• **Your objective**:
The full listing, minus its pictures, should be printed again exactly as it stands.

• **Supplied information**:
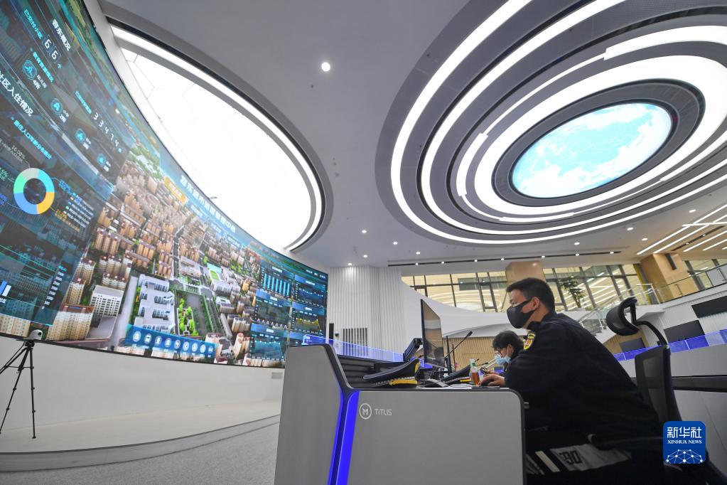 2022年3月29日,工作人員在雄安新區容東城市運營管理中心監管平台工作。(新華社記者 朱旭東 攝)
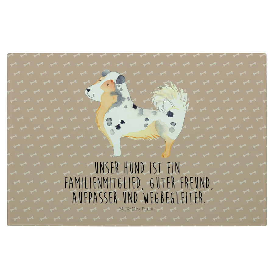 Entdecke das Medium Glas Schneidbrett mit dem süßen Motiv des Australian Shepherds aus der Hunde Kollektion von Mr. & Mrs. Panda!
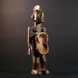 African Tribal Figure Hand Carved Wood Congo Female Sculpture Spirit Ritual Art Decor Collectible Wall Accent Traditional Object-G5595

• **Problem solution**:
 2022年3月29日,工作人員在雄安新區容東城市運營管理中心監管平台工作。(新華社記者 朱旭東 攝)
 Entdecke das Medium Glas Schneidbrett mit dem süßen Motiv des Australian Shepherds aus der Hunde Kollektion von Mr. & Mrs. Panda!
 African Tribal Figure Hand Carved Wood Congo Female Sculpture Spirit Ritual Art Decor Collectible Wall Accent Traditional Object-G5595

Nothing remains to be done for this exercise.